Egypt seems to be on everyone’s lips these days. With the long-awaited opening of the Grand Egyptian Museum this November, and Egyptian-focused exhibitions in Rome, at the Fitzwilliam in Cambridge, and at one of our favourite museums in London—the Soane Museum—there is a renewed curiosity toward this place we call home.

We were honoured to be invited to participate in the Soane Museum’s exhibition, Egypt: Influencing British Design 1776–2025, as an Egyptian brand championing millennia-old craftsmanship in a contemporary world. For the occasion, we created a textile diptych celebrating the excellence, endurance, and poetry of Egyptian craft. The pieces are a true meeting of hands and histories: master khayameya artisan Mohamed Abdelwahab, whose knowledge has been passed down through generations; and Gehan, Maha, and Marina, master embroiderers and teachers at the Anūt training centre, who brought every detail to life stitch by stitch.

Some of the fabrics were hand-woven in Akhmīm, a centre of Egyptian textile making since antiquity. Others were hand-dyed with natural pigments using ancient techniques researched and carried out by @studio_earthtop, a small but brilliant enterprise in Alexandria.

This spirit of collaboration is at the heart of Anūt Cairo—craftspeople, researchers, and artists in dialogue, adding our thread to a story thousands of years in the making.



A COSMIC NIGHT


To mark the opening, we hosted an intimate dinner and private candlelit tour of the museum. It was a night of wonder. We began with the exhibition itself (not to be missed if you’re in London), then wandered by candlelight through the jewel-box halls of the Soane. We paused at the alabaster sarcophagus of Seti I for a haunting live reading by Egyptian artist Sara Sallam, who gave voice to the goddess Nut longing to return home. It was moving, unforgettable—thank you, Sara, for such beauty.

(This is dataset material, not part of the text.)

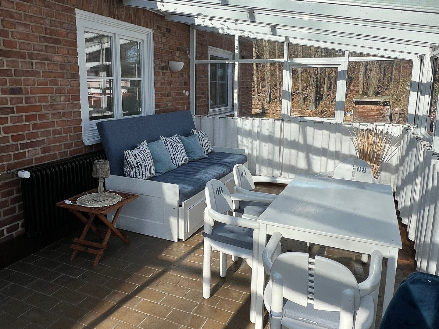 Die sehr helle Maisonette-Ferienwohnung, in einer weißen Villa direkt am Buchenberg gelegen, ist gemütlich und rustikal eingerichtet . Eine Wohnküche bietet alle modernen Küchengeräte, wie z. B. Geschirrspüler, Herd mit Backofen, Mikrowelle, Kühlschrank mit Gefrierteil, Kaffeemaschine, Toaster und Wasserkocher sowie einen gemütlichen Esstisch. Weiterhin sind ein Fernseher, Radio sowie CD- und DVD-Spieler und eine Schlafcouch vorhanden. Der Wohnbereich wird durch einen wunderschön geräumigen Wintergarten erweitert. Im ersten Schlafzimmer steht ein Doppelbett und im 2. befinden sich 3 Einzelbetten . Die Schlafräume sind über eine Treppe im Wohnzimmer zu erreichen. Das Bad hat eine Dusche und im Waschhaus steht eine Waschmaschine zur Verfügung. Für behagliche Wärme sorgt eine Zentralheizung. Die ganze Wohnung ist im maritimen Flair eingerichtet. Auf dem weitläufigen Grundstück befindet sich ein Grillplatz mit Gartenmöbeln. Das Auto steht direkt neben dem Haus auf dem Grundstück. Der Wohnungszugang erfolgt über eine gewendelte Aussentreppe.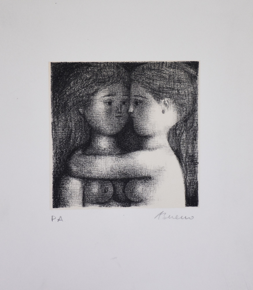 Bueno Antonio L'Abbraccio litografia su carta, cm 27x24 esemplare prova d'autore sul fronte: firma

The magic continued in Sir John Soane’s scarlet dining room, where the table was dressed in a ten metre embroidered tablecloth created by the brilliant women of the Anūt atelier in Cairo. Down the centre ran hand-dyed indigo fabric, setting the stage for a breathtaking installation by Georgina Sleap, an English artist and sculptor based in Faggala. She conjured a convoy of boats that travelled through time—from a pot in Naqada, to the carvings on Seti I’s sarcophagus—bridging this life and the next. Gates shifted, serpents coiled, and waves danced; her work invited us not only to look, but to touch, play, and imagine.


The result was pure magic: lively conversations, new plans, new friends, and the warmth of old ones. A night that reminded us why we do what we do—and why Egypt continues to inspire the world.